TASK TO COMPLETE – In the output, include exactly the lines from the beginning of the records up to and including the one that contains "商品名称:一帆毯业 跨境外贸2025新款仿兔毛宽抽条牛奶绒盖毯 抽条浅灰", and leave out the pictures.

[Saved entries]
>>>

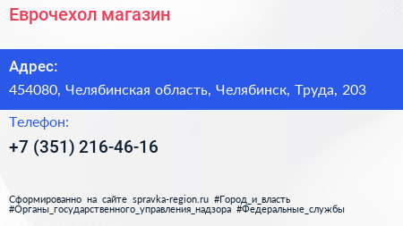 Еврочехол, магазин по адресу 454080, Челябинская область, Челябинск, Труда, 203 в дальнейшем Организация, размещена в следующих категориях:
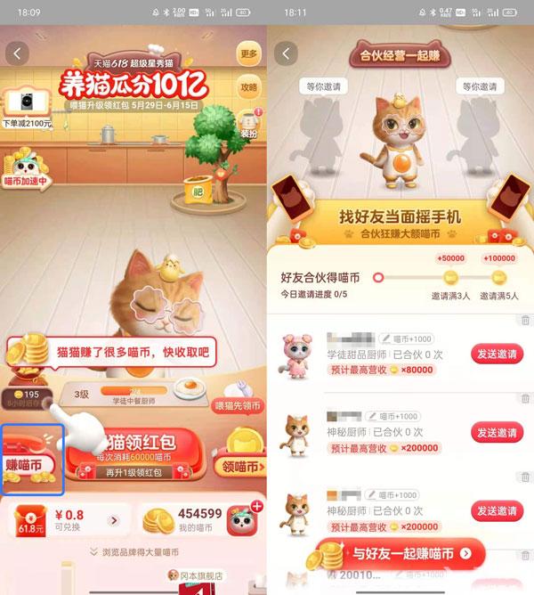 7.【邀请好友】:在活动页面的左下角的【赚喵币】进入页面,和好友面对面摇晃手机即可邀请好友,也可以发送邀请给好友来邀请,邀请3人、5人可获得5W、10W喵币。
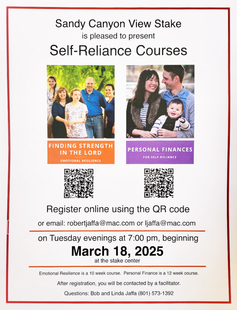 This year, the Stake is offering two courses on self-reliance: “Emotional Resilience” and “Personal Finance.” These courses will be held beginning Tuesday, March 18, 2025 at 7:00 p.m. in the Canyon View Stake Center. You can register with the QR codes included or contact Brother or Sister Jaffe. For complete details, refer to the attached flyer!
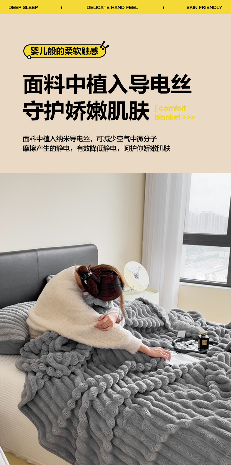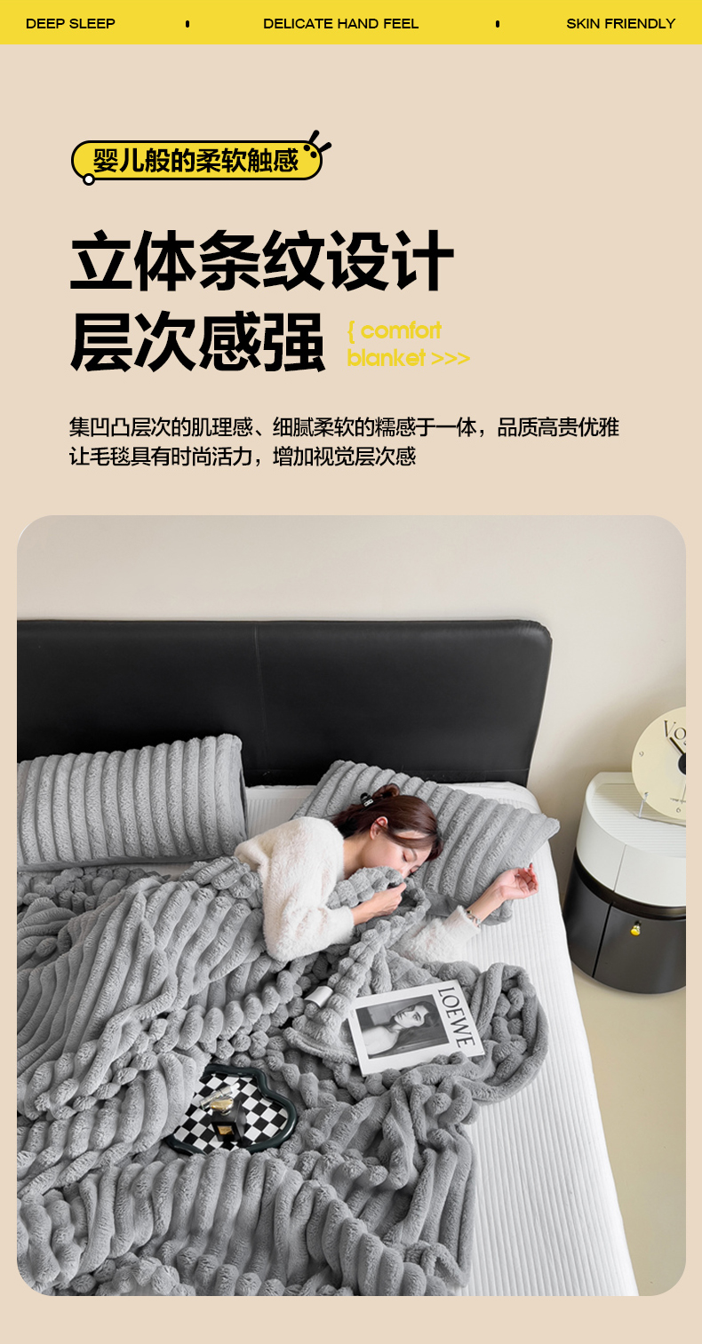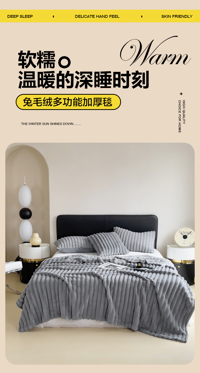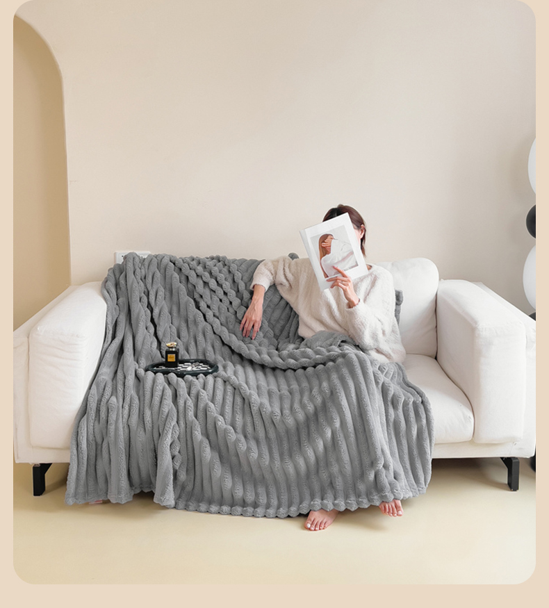 商品名称:一帆毯业 跨境外贸2025新款仿兔毛宽抽条牛奶绒盖毯 抽条浅灰
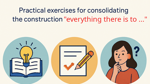 Практические упражнения для закрепления конструкции “everything there is to ...” Эта универсальная конструкция означает «всё, что только можно / что существует для...». Она помогает выразить полноту действия или знаний. Чтобы запомнить её лучше, давайте сразу перейдём к практике. (Смотрите теоретический материал в предыдущей статье) Exercise 1. Complete the sentences with the correct form of the verb (to know / to see / to do / to eat / to say). 1. My grandfather is a master carpenter; he taught me ________________ about working with wood...

<<<

TASK RESPONSE –
 Еврочехол, магазин по адресу 454080, Челябинская область, Челябинск, Труда, 203 в дальнейшем Организация, размещена в следующих категориях:
 7.【邀请好友】:在活动页面的左下角的【赚喵币】进入页面,和好友面对面摇晃手机即可邀请好友,也可以发送邀请给好友来邀请,邀请3人、5人可获得5W、10W喵币。
 This year, the Stake is offering two courses on self-reliance: “Emotional Resilience” and “Personal Finance.” These courses will be held beginning Tuesday, March 18, 2025 at 7:00 p.m. in the Canyon View Stake Center. You can register with the QR codes included or contact Brother or Sister Jaffe. For complete details, refer to the attached flyer!
 商品名称:一帆毯业 跨境外贸2025新款仿兔毛宽抽条牛奶绒盖毯 抽条浅灰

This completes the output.